• [What you need to do]:
Make an exact copy of the listing so that no picture is carried over.

• [Records to use]:
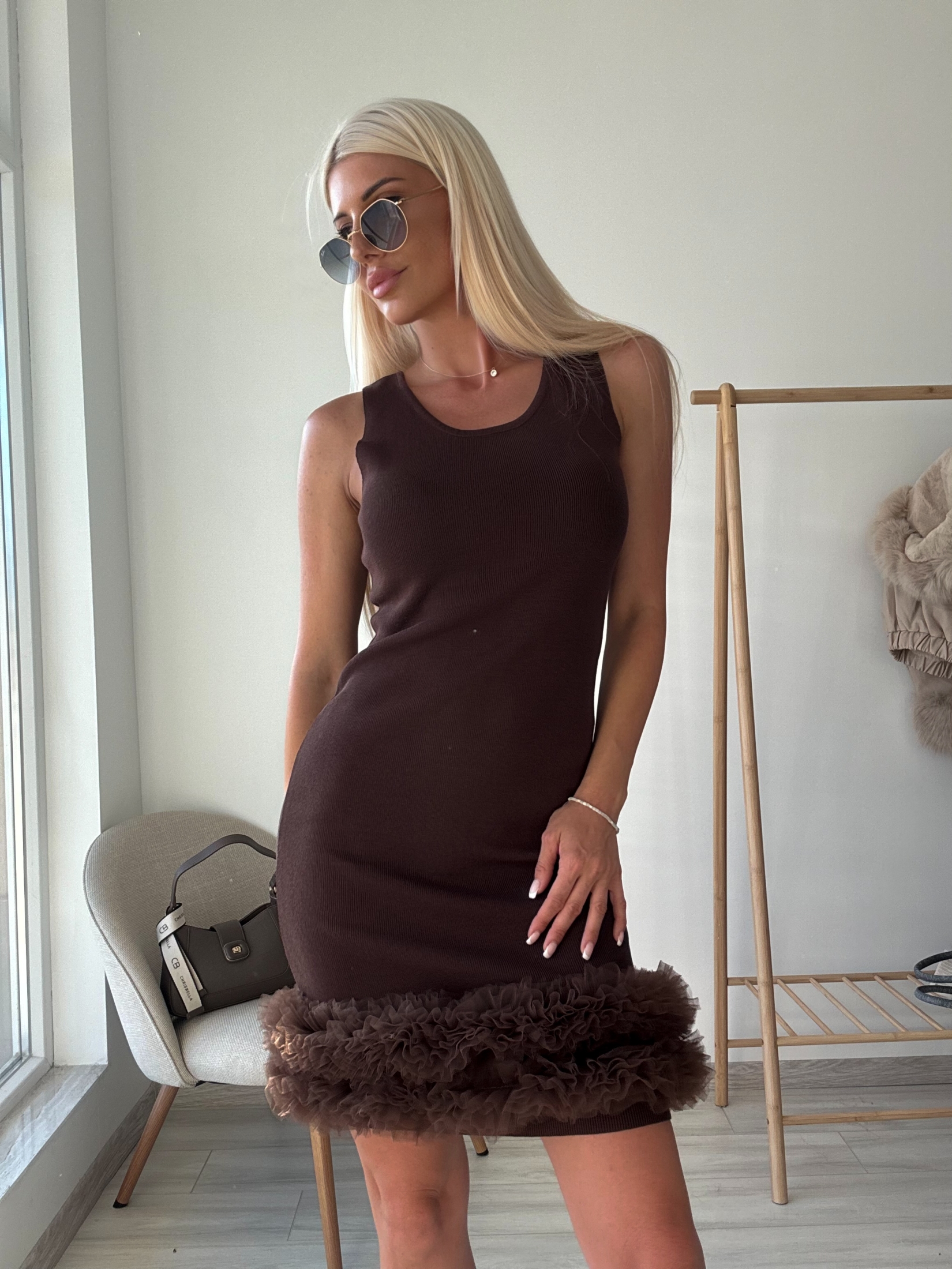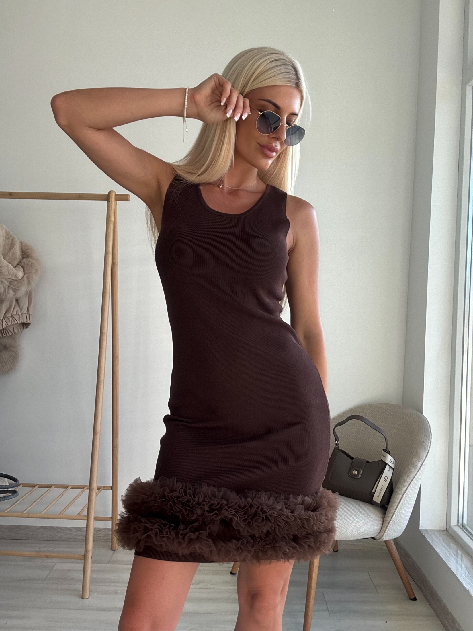 Изискана и съблазнителна, тази кафява рокля по тялото с тюл е перфектният избор за специални поводи, където искате да се откроите с елегантност и стил. Подчертавайки естествените ви форми, тази рокля ще ви накара да се чувствате уверени и красиви.
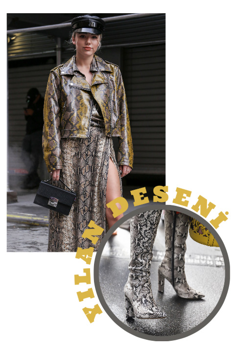 Öncelerde sadece ayakkabılarda ve çantalarda gördüğümüz yılan derisi deseni artık kıyafetlerde! Aksesuarların klasiği olan yılan derisi deseni kıyafetlere geçince modern bir klasik formunu aldı. Deri ceketlerde, elbiselerde, pantolonlarda ve eteklerde karşımıza çıkan yılan derisi desenleri modanın yeni favorileri arasında.
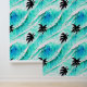 Ideal for any beachy establishment; coastal restaurant; coastline hotels; lodges; resorts and chalets, this blue, black and white white aerial view of black palm leaves scattered across white and turquoise blue wavy ocean water will transform any room. Bring the beach indoors, with this fun and elegant seamless pattern that is easy to peel and stick to both smooth and textured walls.
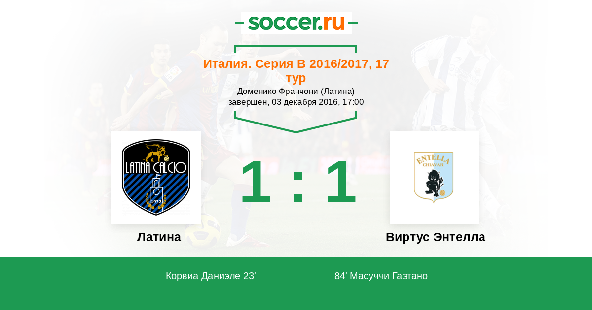 84' (1:1) Масуччи Гаэтано (26) (Тремолада Лука (14))
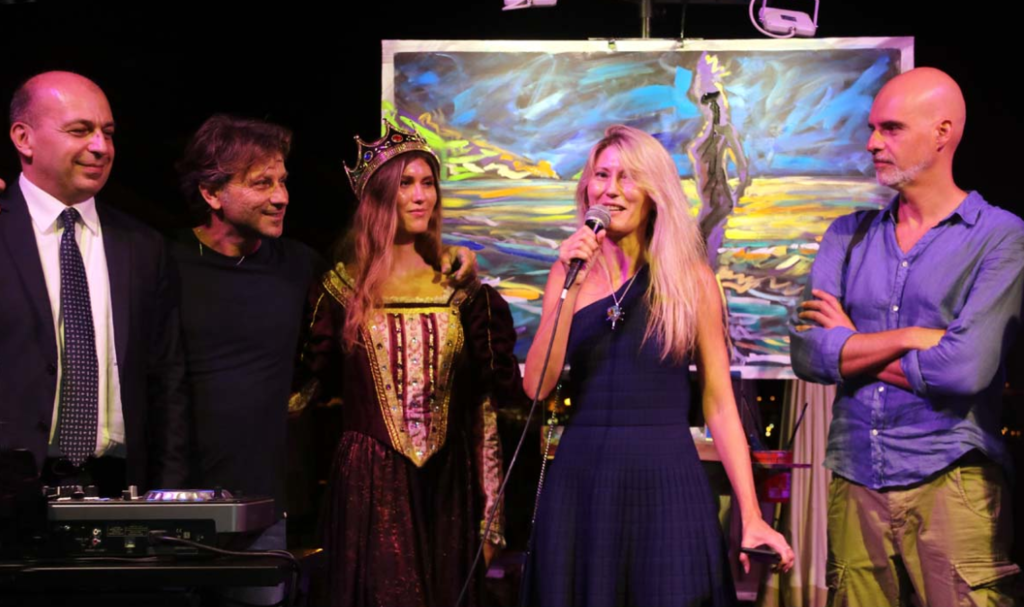 La sera di domenica si è voluto dare un suggestivo spettacolo offrendo ai commensali a cena sulla spiaggia del Grand Hotel la performance del pittore Rudy Mas che, accompagnato dalla musica di Gabry Sax, ha realizzato in diretta davanti ai presenti un quadro da una delle foto che ritraevano Adelasia. Tutto preceduto dalla altra musica del M° Luca Griotto e della cantante Greta Mascheretti.
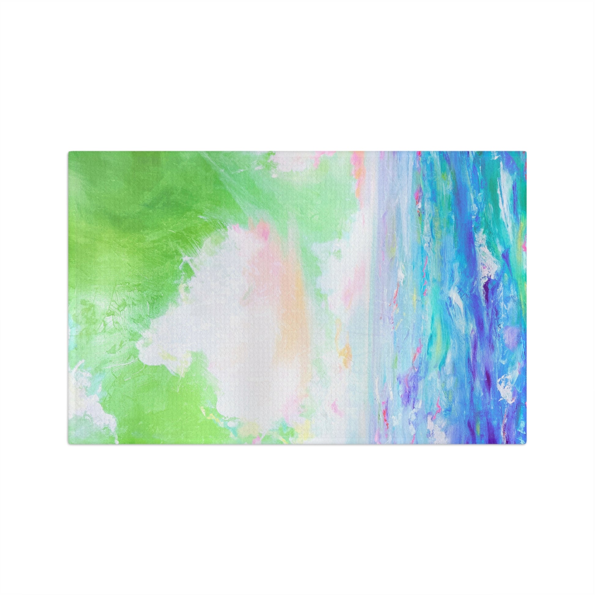 These tea towels, featuring original art by Laurie Hoogland for Periwinkle Design, capture the beautiful joy of a colorful sky reflected on joyful waters. Both functional and artful, they make everyday tasks brighter and more inspiring. Made from a premium blend of 85% micro-polyester and 15% polyamide, these towels are durable, quick-drying, and soft to the touch—ideal for drying dishes or adding a vibrant accent to your kitchen décor.
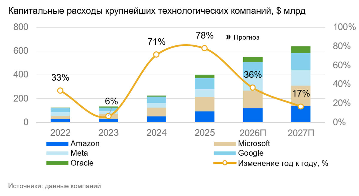 Замедление роста капрасходов мы во многом связываем с тем, что модели монетизации и отдача по-прежнему вызывают вопросы. Так, компания OpenAI, лидер в разработке ИИ, несмотря на огромный объем объявленных перспективных закупок чипов на ближайшие 5–7 лет (десятки миллиардов в год) пока не может похвастаться даже сопоставимой выручкой (по оценкам, она вышла на уровень $15–20 млрд в год к концу 2025 г.).
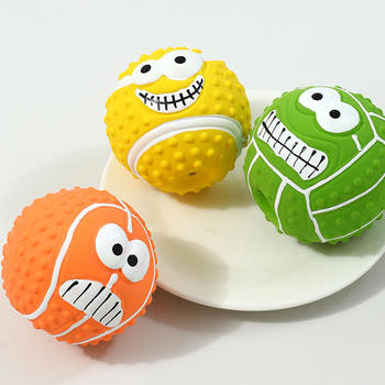 Smiley Face Latex Squeaky Dog Ball – Durable Chew Toy for Teeth Cleaning
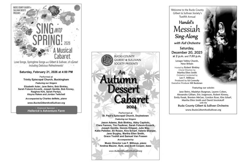 The Bucks County Gilbert & Sullivan Society also performs at community celebrations. Among the events we have participated in are: performing two road shows for Symphony Manor (Feasterville) and the Bucks County Bar Association (Doylestown); singing the National Anthem for the Philadelphia Phillies at Citizens Bank Park, Delaware Valley University Football Games (Doylestown) and the Central Bucks Chamber of Commerce "Spirit of the Nation Breakfast" (Ivyland); assisting with clean-up at the Doylestown Arts Festival; singing Christmas Carols for Discover Doylestown with the brass ensemble from our orchestra for the Annual Tree Lighting and the arrival of Santa Claus; singing for the Annual Christmas Breakfast for Discover Doylestown at the Pine Run Community (Doylestown); performing HMS Pinafore Sing-Along with the Princeton Society of Musical Amateurs (Princeton); and performing a medley of WWI music for the Doylestown Historical Society at the Doylestown Bookshop. The video clip at left show excerpts from our WWI tribute.
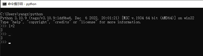 如图,我们先运行了1+2,python返回了3,然后直接运行_,python也给我们返回了3。也就是说_默认情况下是上一次代码运行的返回值。
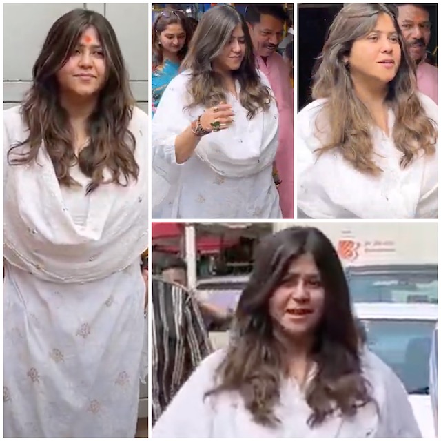 अपने खास अंदाज में मंदिर पहुंची एकता कपूर, वह आज एक साधारण लेकिन खूबसूरत सफेद सूट पहना, जिसमें वह शालीनता और विनम्रता बिखेररही थीं। अपने व्यस्त शेड्यूल के बावजूद एकता कपूर ने प्रशंसकों और पैपराज़ी के साथ तस्वीरें खिंचवाने के लिए रुकी और सभी को थैंक यू भीबोला.

• [Your solution]:
 Изискана и съблазнителна, тази кафява рокля по тялото с тюл е перфектният избор за специални поводи, където искате да се откроите с елегантност и стил. Подчертавайки естествените ви форми, тази рокля ще ви накара да се чувствате уверени и красиви.
 Öncelerde sadece ayakkabılarda ve çantalarda gördüğümüz yılan derisi deseni artık kıyafetlerde! Aksesuarların klasiği olan yılan derisi deseni kıyafetlere geçince modern bir klasik formunu aldı. Deri ceketlerde, elbiselerde, pantolonlarda ve eteklerde karşımıza çıkan yılan derisi desenleri modanın yeni favorileri arasında.
 Ideal for any beachy establishment; coastal restaurant; coastline hotels; lodges; resorts and chalets, this blue, black and white white aerial view of black palm leaves scattered across white and turquoise blue wavy ocean water will transform any room. Bring the beach indoors, with this fun and elegant seamless pattern that is easy to peel and stick to both smooth and textured walls.
 84' (1:1) Масуччи Гаэтано (26) (Тремолада Лука (14))
 La sera di domenica si è voluto dare un suggestivo spettacolo offrendo ai commensali a cena sulla spiaggia del Grand Hotel la performance del pittore Rudy Mas che, accompagnato dalla musica di Gabry Sax, ha realizzato in diretta davanti ai presenti un quadro da una delle foto che ritraevano Adelasia. Tutto preceduto dalla altra musica del M° Luca Griotto e della cantante Greta Mascheretti.
 These tea towels, featuring original art by Laurie Hoogland for Periwinkle Design, capture the beautiful joy of a colorful sky reflected on joyful waters. Both functional and artful, they make everyday tasks brighter and more inspiring. Made from a premium blend of 85% micro-polyester and 15% polyamide, these towels are durable, quick-drying, and soft to the touch—ideal for drying dishes or adding a vibrant accent to your kitchen décor.
 Замедление роста капрасходов мы во многом связываем с тем, что модели монетизации и отдача по-прежнему вызывают вопросы. Так, компания OpenAI, лидер в разработке ИИ, несмотря на огромный объем объявленных перспективных закупок чипов на ближайшие 5–7 лет (десятки миллиардов в год) пока не может похвастаться даже сопоставимой выручкой (по оценкам, она вышла на уровень $15–20 млрд в год к концу 2025 г.).
 Smiley Face Latex Squeaky Dog Ball – Durable Chew Toy for Teeth Cleaning
 The Bucks County Gilbert & Sullivan Society also performs at community celebrations. Among the events we have participated in are: performing two road shows for Symphony Manor (Feasterville) and the Bucks County Bar Association (Doylestown); singing the National Anthem for the Philadelphia Phillies at Citizens Bank Park, Delaware Valley University Football Games (Doylestown) and the Central Bucks Chamber of Commerce "Spirit of the Nation Breakfast" (Ivyland); assisting with clean-up at the Doylestown Arts Festival; singing Christmas Carols for Discover Doylestown with the brass ensemble from our orchestra for the Annual Tree Lighting and the arrival of Santa Claus; singing for the Annual Christmas Breakfast for Discover Doylestown at the Pine Run Community (Doylestown); performing HMS Pinafore Sing-Along with the Princeton Society of Musical Amateurs (Princeton); and performing a medley of WWI music for the Doylestown Historical Society at the Doylestown Bookshop. The video clip at left show excerpts from our WWI tribute.
 如图,我们先运行了1+2,python返回了3,然后直接运行_,python也给我们返回了3。也就是说_默认情况下是上一次代码运行的返回值。
 अपने खास अंदाज में मंदिर पहुंची एकता कपूर, वह आज एक साधारण लेकिन खूबसूरत सफेद सूट पहना, जिसमें वह शालीनता और विनम्रता बिखेररही थीं। अपने व्यस्त शेड्यूल के बावजूद एकता कपूर ने प्रशंसकों और पैपराज़ी के साथ तस्वीरें खिंचवाने के लिए रुकी और सभी को थैंक यू भीबोला.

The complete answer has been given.